Repeat each record below exactly as it is written.
══ INPUT DATA
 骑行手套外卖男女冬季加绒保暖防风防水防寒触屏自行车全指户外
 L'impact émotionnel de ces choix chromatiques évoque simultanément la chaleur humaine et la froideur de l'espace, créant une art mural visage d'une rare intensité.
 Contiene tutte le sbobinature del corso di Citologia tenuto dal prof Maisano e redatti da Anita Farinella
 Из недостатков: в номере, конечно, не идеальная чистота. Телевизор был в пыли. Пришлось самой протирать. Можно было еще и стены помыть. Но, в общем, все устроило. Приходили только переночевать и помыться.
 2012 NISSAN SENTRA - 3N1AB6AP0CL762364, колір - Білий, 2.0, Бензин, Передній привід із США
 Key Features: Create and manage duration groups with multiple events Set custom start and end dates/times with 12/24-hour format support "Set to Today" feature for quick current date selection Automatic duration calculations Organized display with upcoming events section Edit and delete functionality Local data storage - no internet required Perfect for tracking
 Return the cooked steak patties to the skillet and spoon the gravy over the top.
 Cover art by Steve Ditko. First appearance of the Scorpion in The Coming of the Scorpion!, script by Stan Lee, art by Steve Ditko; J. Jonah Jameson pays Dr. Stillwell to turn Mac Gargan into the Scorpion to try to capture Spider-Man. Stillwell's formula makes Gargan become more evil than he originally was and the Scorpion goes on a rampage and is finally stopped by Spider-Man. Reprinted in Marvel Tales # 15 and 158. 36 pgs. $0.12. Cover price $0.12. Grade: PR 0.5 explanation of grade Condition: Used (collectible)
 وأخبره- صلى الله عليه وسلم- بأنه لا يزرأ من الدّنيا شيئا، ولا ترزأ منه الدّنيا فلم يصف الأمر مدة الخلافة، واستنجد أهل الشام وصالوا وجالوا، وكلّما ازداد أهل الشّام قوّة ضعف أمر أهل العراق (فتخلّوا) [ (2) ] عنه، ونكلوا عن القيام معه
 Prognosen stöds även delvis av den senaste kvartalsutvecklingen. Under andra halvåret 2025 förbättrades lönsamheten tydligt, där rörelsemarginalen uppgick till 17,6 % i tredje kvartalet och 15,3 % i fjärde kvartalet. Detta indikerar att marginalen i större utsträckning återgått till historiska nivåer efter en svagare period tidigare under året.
════
__ANSWER TO THIS TASK__.
 骑行手套外卖男女冬季加绒保暖防风防水防寒触屏自行车全指户外
 L'impact émotionnel de ces choix chromatiques évoque simultanément la chaleur humaine et la froideur de l'espace, créant une art mural visage d'une rare intensité.
 Contiene tutte le sbobinature del corso di Citologia tenuto dal prof Maisano e redatti da Anita Farinella
 Из недостатков: в номере, конечно, не идеальная чистота. Телевизор был в пыли. Пришлось самой протирать. Можно было еще и стены помыть. Но, в общем, все устроило. Приходили только переночевать и помыться.
 2012 NISSAN SENTRA - 3N1AB6AP0CL762364, колір - Білий, 2.0, Бензин, Передній привід із США
 Key Features: Create and manage duration groups with multiple events Set custom start and end dates/times with 12/24-hour format support "Set to Today" feature for quick current date selection Automatic duration calculations Organized display with upcoming events section Edit and delete functionality Local data storage - no internet required Perfect for tracking
 Return the cooked steak patties to the skillet and spoon the gravy over the top.
 Cover art by Steve Ditko. First appearance of the Scorpion in The Coming of the Scorpion!, script by Stan Lee, art by Steve Ditko; J. Jonah Jameson pays Dr. Stillwell to turn Mac Gargan into the Scorpion to try to capture Spider-Man. Stillwell's formula makes Gargan become more evil than he originally was and the Scorpion goes on a rampage and is finally stopped by Spider-Man. Reprinted in Marvel Tales # 15 and 158. 36 pgs. $0.12. Cover price $0.12. Grade: PR 0.5 explanation of grade Condition: Used (collectible)
 وأخبره- صلى الله عليه وسلم- بأنه لا يزرأ من الدّنيا شيئا، ولا ترزأ منه الدّنيا فلم يصف الأمر مدة الخلافة، واستنجد أهل الشام وصالوا وجالوا، وكلّما ازداد أهل الشّام قوّة ضعف أمر أهل العراق (فتخلّوا) [ (2) ] عنه، ونكلوا عن القيام معه
 Prognosen stöds även delvis av den senaste kvartalsutvecklingen. Under andra halvåret 2025 förbättrades lönsamheten tydligt, där rörelsemarginalen uppgick till 17,6 % i tredje kvartalet och 15,3 % i fjärde kvartalet. Detta indikerar att marginalen i större utsträckning återgått till historiska nivåer efter en svagare period tidigare under året.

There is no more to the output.